23 April, 2010

That machine, part two

Yes, that one

About a week before, I'd received a computer to analyse. It had ... issues. After typing up the article, I tried installing SP2 again, and got a warning that WGA had not been installed on the machine. When I installed WGA, and tried to reinstall SP2, I got a warning that the version of Windows that had been installed, got installed with a Volume Licensing Key that had been subsequently de-allocated (rendering it invalid). As a result, the machine no longer had a Windows install that could have any other updates applied to it, if those updates depended upon WGA. I duly rang owner, and suggested that they either get themselves a valid Windows license and CDROM, or consider the purchase of a new machine. They got back to me, and told me I could (effectively) keep the machine, though they did take the monitor back.

So, that was the end of the line for that install of Windows XP Pro. I nuked the install, copied my wife's copy of Kubuntu to the hard drive, stuck it back inside the machine, and added another memory stick for good measure. Powered it up, and struck the first problem. The machine wouldn't accept more than 512Mb on the motherboard. So, haul out the added memory, powered back up, and down, and up several times while I tried getting the hard drive grubbed, before finally growing a clue and hauling out my Ubuntu 9.04 CD, putting the drive into my main machine, booting the CD, running "Reinstall grub" and so on. Then I pulled out the drive, rinse repeat, into the Compaq. Booted, but was really really slow. I couldn't understand this, because it was a 1.3GHz Celeron, so it should have been faster than my main computer. Also, network was really slow, and only 30% of the packets were getting through. Rapidly realising that the machine wasn't a working one, I put wife's drives back into her original machine, and left her to it, feeling rather cheesed off that my attempt to help out hadn't gone at all well.

Thinking on the problem

Next day, I hauled the hard drive back out, stuck it back in fatty, copied my Windows XP Home installation (which I'd installed less than three days before) over to the drive using gparted (nice tool, by the way), and did the futzing around required to boot Windows.
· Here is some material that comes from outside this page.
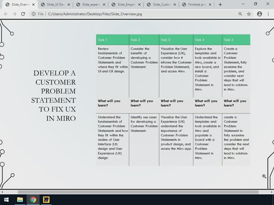 Visualize the User Experience (UX), consider how it informs the Customer Problem Statement, and access Miro. (6 min)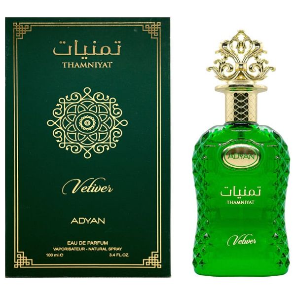 Thamniyat Vetiver by Adyan is a unisex eau de parfum that blends vetiver with warm woody and earthy notes for a natural, elegant aura that lasts. The opening reveals bergamot, ginger, and cardamom, followed by a heart of licorice, oud, and cedarwood, and a base of vanilla and musk. Ideal for daily wear and evening occasions, this fragrance offers long-lasting sillage and a refined, versatile character.

Except it only got so far before stopping. Thinking that it was just Windows playing silly with me, I booted it up again, and got the same reaction... it would only get so far, and then stop. Giving up on that for a moment, I flipped the machine over to boot Linux, and did a speed test on the drive. Unusually, I got some seriously divergent results, from 8Mb per second up to 17Mb per second. I decided to eliminate the cabling, and tested the other three drives, which all varied by less than 0.1%. So, I suspect that not only was the OS giving trouble, but so was the hard disk. I've uhm, retired it.

I think what I'll do with the machine finally, is put a NetBSD drive back into the Compaq computer—which only takes one drive anyhow—and simply use it as a networked NetBSD. I don't know what else to do with a machine with Intel 815 graphics, 512Mb maximum memory, room only for one drive, and a proprietary CDROM which I don't have. So the machine doesn't show much chance for expandability. Ah well, so much for trying to help someone else out—but at least this time I got something for my troubles.